Start the copy at the line containing "ثم كانت الكلمة" and run it through the last line of the records. Repeat each line exactly; omit pictures.

**Dataset excerpts**.
——————————

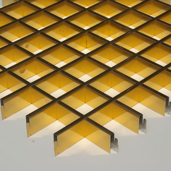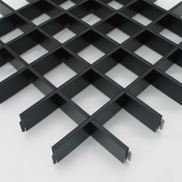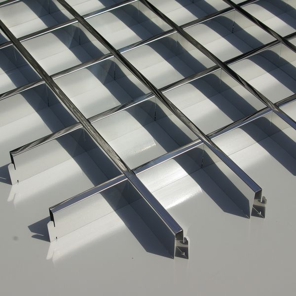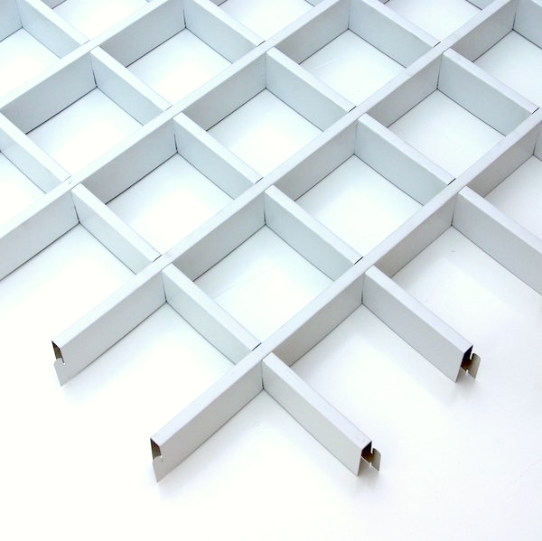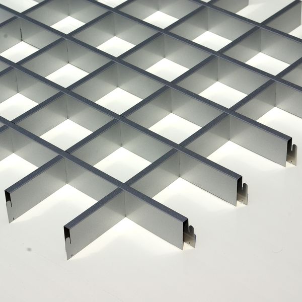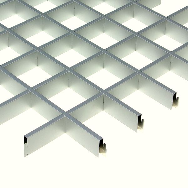 Потолок Грильято (его еще называют решетчатый или ячеистый потолок) представляет собой подвесной потолок, состоящий из решеток. Эти решетки в свою очередь собираются из U-образных профилей, которые называются «папа» и «мама». Решетки устанавливаются на несущие направляющие длиной 600 мм, 1200мм и 1800мм (несущие С60, С 120 и С180 соответственно). Для монтажа несущих С180 требуется соединительный элемент. Потолок Грильято бывает белого цвета, также можно встретить цвет суперхром, алюминий матовый или алюминий серебристый. Вес потолка Грильято зависит размера ячейки ( 2-6 кг/кв.м). Ячейки бывают следующих размеров: 40х40 мм, 50х50 мм, 60х60 мм, 75х75 мм, 86х86 мм, 100х100 мм, 120х120 мм, 150х150 мм, 200х200 мм. U-образный профиль бывает двух вариантов, отличающихся по высоте: 40 или 50мм.
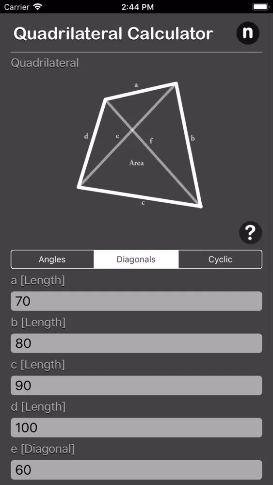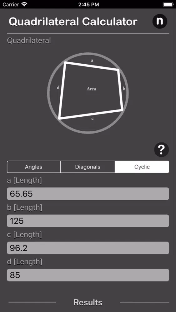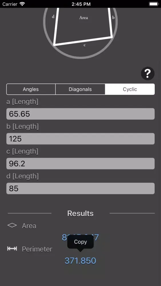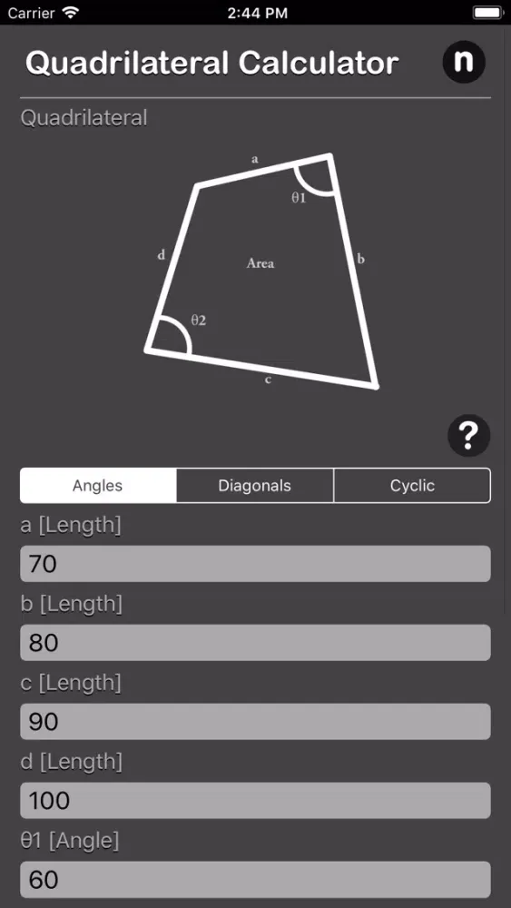 Tangkapan skrin Quadrilateral Calculator
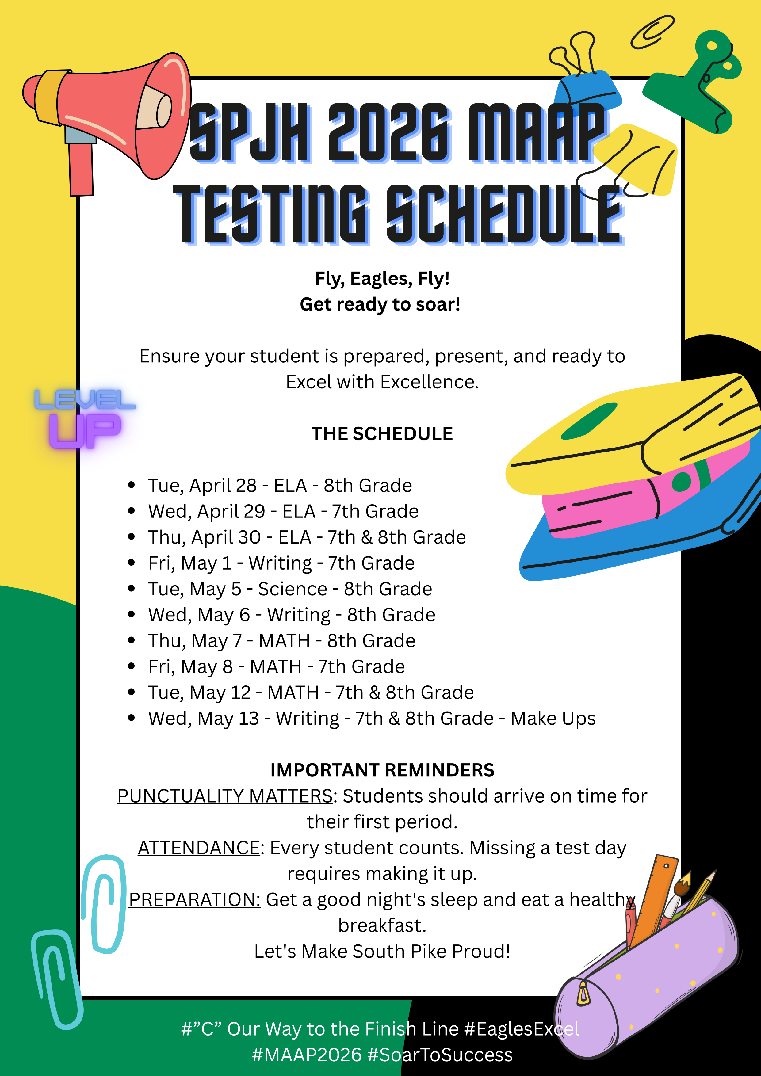 Fly, Eagles, Fly! It's time to soar with excellence! South Pike Junior High's MAAP testing schedule is set, and we want every student to be prepared and present. Here's the schedule:
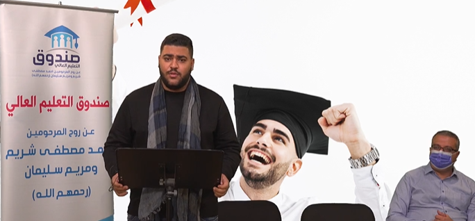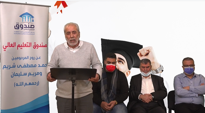 ثم كانت الكلمة الختامية للطلاب المستحقين للمنحة، ألقاها باسمهم الطالب فادي زعي، وقال: “أتقدم بأجمل التهاني والتبريكات لكل الطلاب الذين حصلوا على المنحة الدراسية من هذا الصندوق الخيري الطيب، صندوق المرحومين أحمد شريم ومريم سليمان، واتقدم باسم الطلاب بالشكر والامتنان على هذه المنحة وعلى هذا الصندوق وعلى هذا اللقاء”.
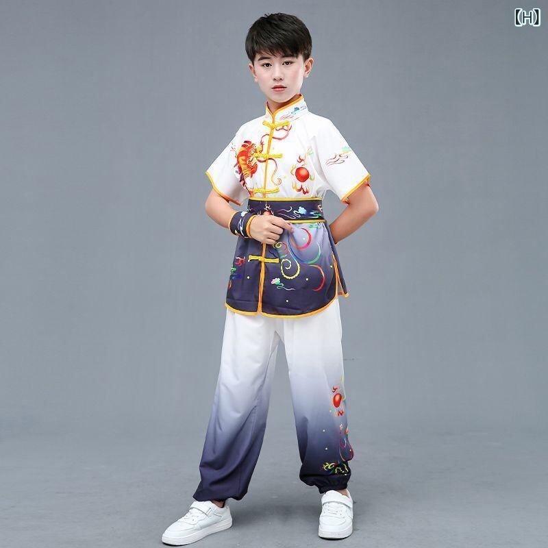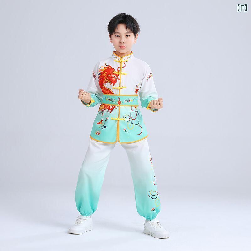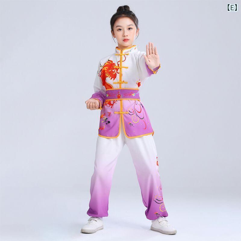 キッズ 武道着 太極拳 練習着 武術 演出服 競技用 男女兼用 子供用 伸縮性 吸湿速乾 トレーニングウェア レッド ブラック ブルー イエロー パープル グリーン
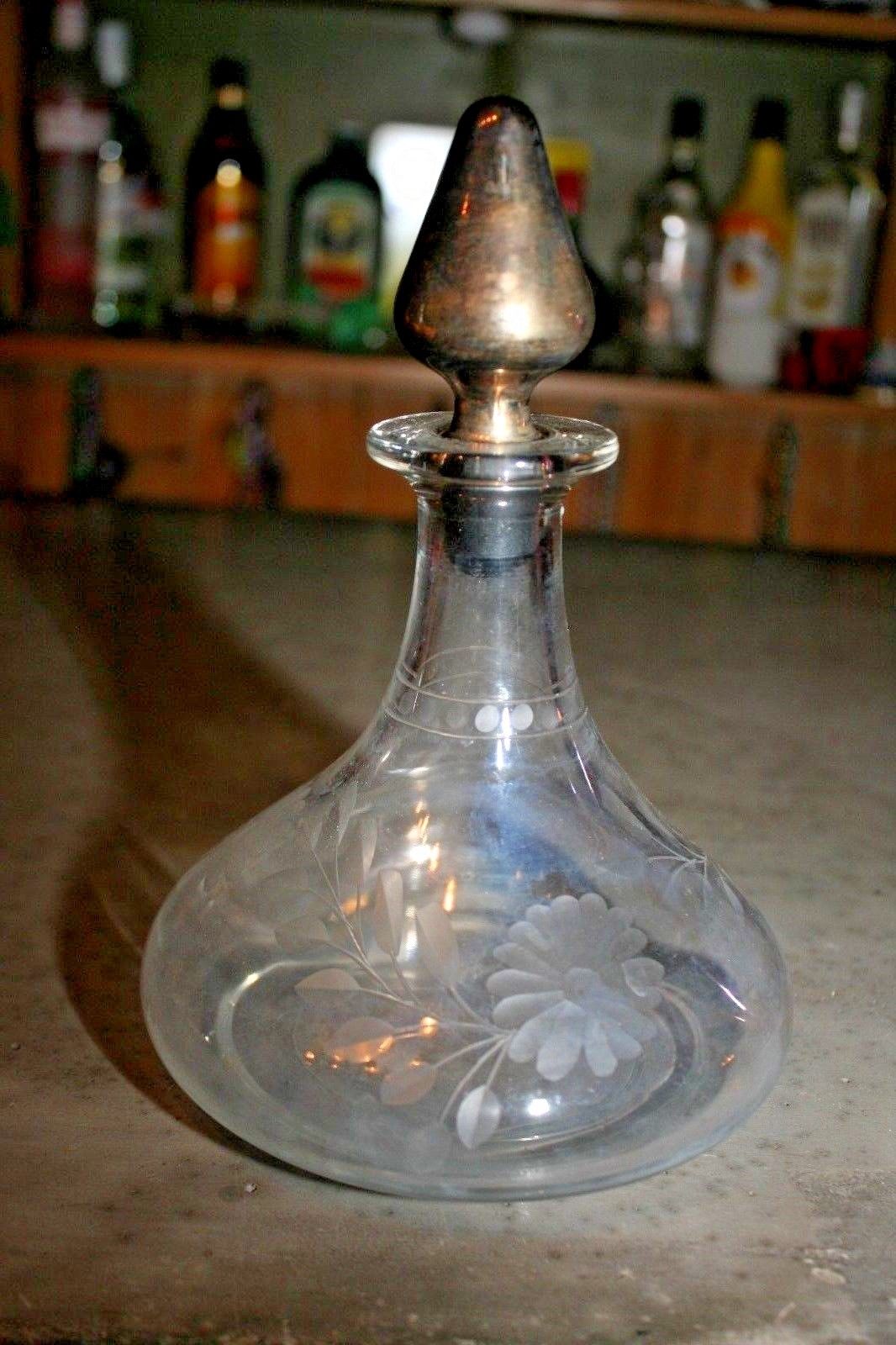 Title (ebay affiliate link): Antique Etched Glass Sterling Silver Overlay Stopper Brandy Decanter Liqueur

——————————

**YOUR RESPONSE**.
 ثم كانت الكلمة الختامية للطلاب المستحقين للمنحة، ألقاها باسمهم الطالب فادي زعي، وقال: “أتقدم بأجمل التهاني والتبريكات لكل الطلاب الذين حصلوا على المنحة الدراسية من هذا الصندوق الخيري الطيب، صندوق المرحومين أحمد شريم ومريم سليمان، واتقدم باسم الطلاب بالشكر والامتنان على هذه المنحة وعلى هذا الصندوق وعلى هذا اللقاء”.
 キッズ 武道着 太極拳 練習着 武術 演出服 競技用 男女兼用 子供用 伸縮性 吸湿速乾 トレーニングウェア レッド ブラック ブルー イエロー パープル グリーン
 Title (ebay affiliate link): Antique Etched Glass Sterling Silver Overlay Stopper Brandy Decanter Liqueur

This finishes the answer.